Household mortgage debt decreased in 2008 for the first time since the Federal Reserve started issuing reports 35 years and has fallen four straight quarters though the first quarter of 2009. Consumer credit has fallen two straight quarters as of the first quarter of this year.
That sort of demand environment does not bode well for job creation, especially small business, which generates the majority of jobs.
Right now companies that need to increase output are adding to the workweek of current employees or hiring temporary workers. Hiring for full time positions usually lags by six to 12 months, according to experts.
"Even if they come back into the market, they're going to come in a little more slowly than they have to hire people in past recessions," says Gilliam.
Castellani of the Business Roundtable says hiring "will be a little more iffy than usual" because of doubts about the strength of the recovery.

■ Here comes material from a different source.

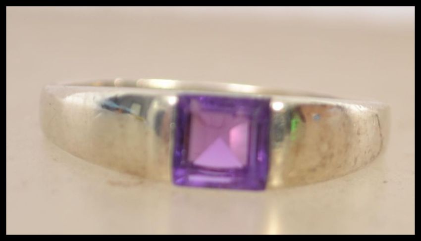 A hallmarked 9ct gold ring set with a contemporary central square cut amethyst. Hallmarked Birmingham. Size N, Weight 2.4g.

Conference Board economist Ken Goldstein also expects a slow recovery but doesn't subscribe to the consumer slump, jobless recovery scenario. He says job growth — once it gets going in 2010--will average to 150,00-175,000 a month, but that is well below the quarter of a million average of the 1990s boom.
"There may be fewer clerks behind the cash register at the mall," says Goldstein, but jobs will appear as the economy grows and evolves. "The jobs that will be there may not be the jobs that are there right now. There are always new services."
Right now, the new force in the labor market is the federal government. By some estimates, the $789 billion stimulus package is creating 200,000-250,000 jobs a month. If so, that would put it on track to fulfill the Obama administration’s goal of saving or creating 3.5 million jobs, which is about 2.7 percent of the total payrolls as of June.
Many of the plan’s initiatives — from tax rebates to the cash-for-clunkers program to a homebuyer credit — are conventional tools meant to spur consumption, particularly of durable goods.
"The government is our spender of last resort," says Shierholz.